Values are derived from a mixed model of longitudinal regression for repeated measures accounting for the correlation (assuming compound symmetry) among the outcome score on the same patient pre- and post-operatively. Group (Revision vs No revision), time (categorical), group × time interaction, age, and sex were included as fixed variables. A statistically significant interaction term indicates that the groups change differently with time.

Figure 2.

A. Sagittal lumbar spine radiograph before initial L4-L5 fusion with L4-S1 lower lumbar lordosis (dashed line) and L3-L4 focal lumbar lordosis (solid line) angles drawn. B. Sagittal lumbar spine radiograph after L4-L5 fusion in the same patient with L4-S1 lower lumbar lordosis (dashed line) and L3-L4 focal lumbar lordosis (solid line) angles drawn. C. Select sagittal T2 weighted magnetic resonance image of the lumbar spine in the same patient 6 years after initial L4-L5 fusion surgery. Spinal stenosis can be appreciated at the L3-L4 level (arrow), which ultimately required reoperation at that level.

Discussion

In a 2017 study using musculoskeletal models of the spine, the angle of lumbar fusion (or instrumentation angle) was shown to affect adjacent spinal segment joint forces.⁴⁰ Specifically, hypolordotic fusions at L4-L5 led to increased shear forces at L3-L4, while hyperlordotic configurations exhibited a reduction in forces at L3-L4. Similarly, in a cadaveric study,²⁰ decreased lordosis at L4-S1 following fusion resulted in increased load, shearing, and lordosis at the L3-L4 level. This increase in lordosis and resulting forces through L3-L4 after hypolordotic adjustments to L4-S1 has been replicated elsewhere.^21,41,42

If biomechanical forces through L3-L4 are increased as a result of hypolordotic fusions at L4-S1, clinically, we would expect the incidence of ASD at L3-L4 to increase in patients whose LLL was decreased as a result of fusion surgery below L4. Indeed, in our cohort of individuals who underwent L4-L5 or L4-L5-S1 fusion for lumbar spinal stenosis, the REVISION group had a mean decrease in LLL compared to the NO REVISION cohort. Additionally, in keeping with previous biomechanical work,²⁰ the REVISION group had a mean increase in L3-L4 FLL. Importantly, not only were there differences in the magnitude of the mean change between groups, but also the proportion of patients with a loss in LLL and reciprocal increase in L3-L4 FLL was very different between cohorts (52.6% in REVISION vs 14.1% in NO REVISION, P < .001).

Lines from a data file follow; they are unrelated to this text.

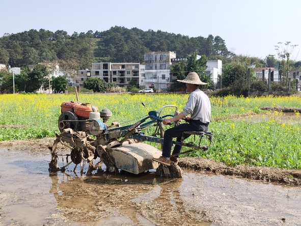 桂平市是廣西重要的糧食種植基地之一,去年糧食種植面積達(dá)157.21萬(wàn)畝,糧食總產(chǎn)量55.37萬(wàn)噸。一大早,桂平市石咀鎮(zhèn)治安村48歲的村民冼才貞趕到農(nóng)田,駕駛耕地機(jī)忙著犁地,一上午要把3畝剛灌溉的農(nóng)田翻犁一遍,為接下來(lái)的水稻育秧做好準(zhǔn)備。“我泡種300多斤,現(xiàn)在已經(jīng)開始育秧了。”冼才貞說(shuō),目前他種有150多畝水稻,今年準(zhǔn)備擴(kuò)種20畝稻田。
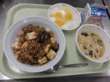 〇牛乳 〇マーボーなすどん 〇かきたまスープ 〇フルーツ牛乳寒天 Ϭ...
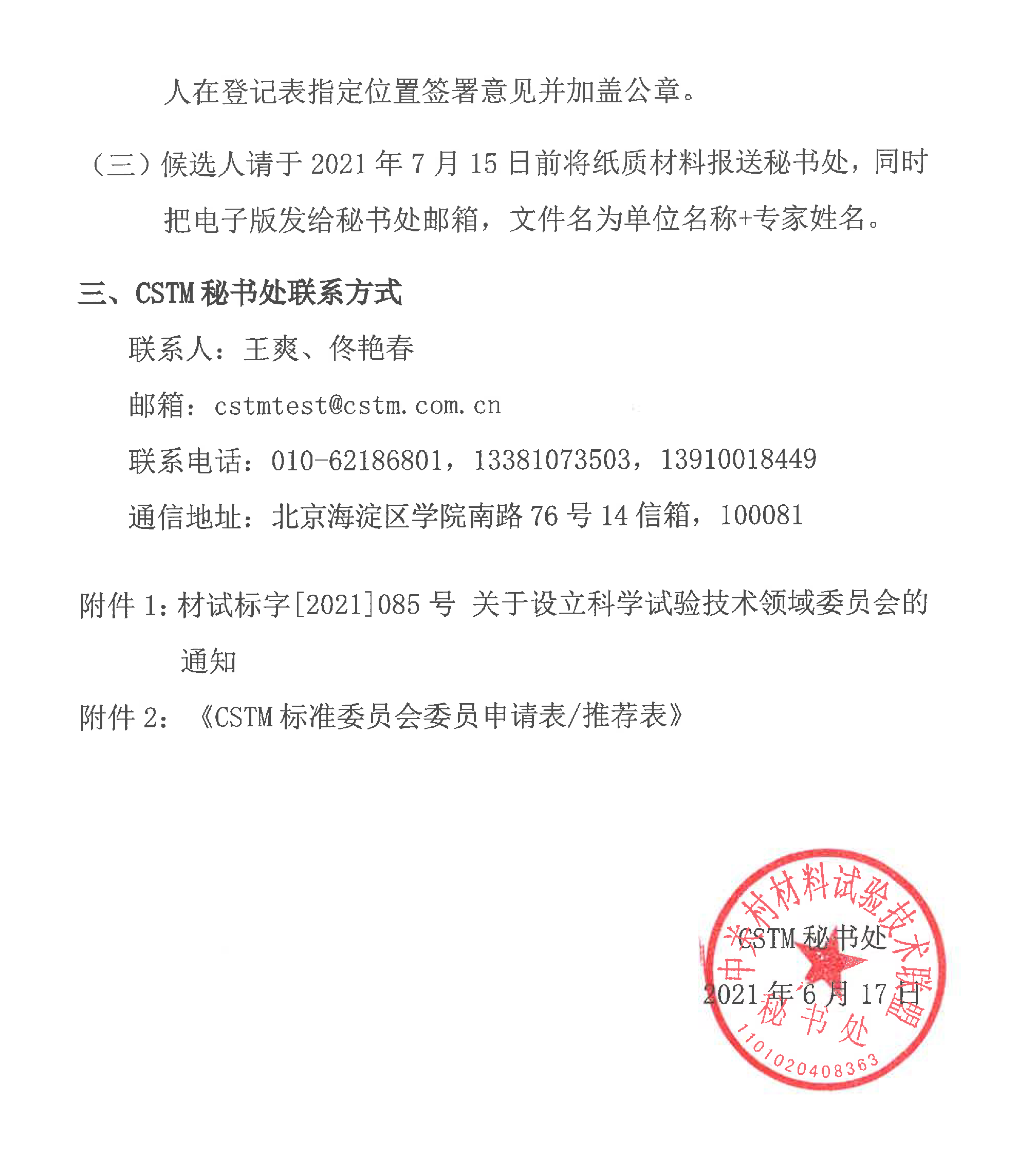 关于组织推荐《CSTM标准委员会 科学试验技术领域委员会》委员的通知

One measure closely linked to LLL is the LDI. LDI is the ratio between LLL and GLL, multiplied by 100.^43,44 Since LLL normally accounts for approximately 60% of GLL,³⁸ and GLL is highly variable (ranging from 24-88°),^38,45,46 LDI is a beneficial tool that—for any given GLL—can provide a standardized guide for the expected amount of LLL. It’s typically stratified into categories of low LDI (<50%), moderate LDI (50-80%), and high LDI (>80%).^26,39,47 Previous work has shown that, as post-operative LDI decreases to <50%, the risk of ASD increases.^26,39,47 That is, as the proportion of LLL contributing to GLL decreases, the risk of ASD increases. In the present study, we calculated LDI and found not only that the revision cohort had a smaller post-operative LDI (consistent with the literature as <50%), but also a significant reduction in LDI resulting from surgery. This finding is consistent with our results showing no significant difference in the change between the pre-operative and post-operative GLL for either cohort, while the LLL and L3-L4 FLL in the revision cohort were significantly altered.

Since LLL encompasses both the L4-L5 and L5-S1 angle, one question that arises is how a two-level fusion involving L4-L5-S1 may affect rates of ASD compared to a one-level fusion at L4-L5. With a two-level fusion, the surgeon would theoretically have more control over LLL, but at the sacrifice of increased surgical time and a longer construct. As previous in-vitro work shows increased shear forces at L3-L4 after hypolordotic L4-L5 instrumentation,⁴⁰ and the present study suggests an increased risk of adjacent level stenosis at L3-L4 after a reduction in LLL, a surgeon could theoretically increase LLL more with a two-level construct spanning from L4-S1 than with a one-level construct from L4-L5, which could in theory decrease the risk of developing ASD at L3-L4. In the present cohort, an insufficient number of patients underwent initial fusion at L4-L5-S1 to make an adequate statistical comparison to those who underwent L4-L5 fusion.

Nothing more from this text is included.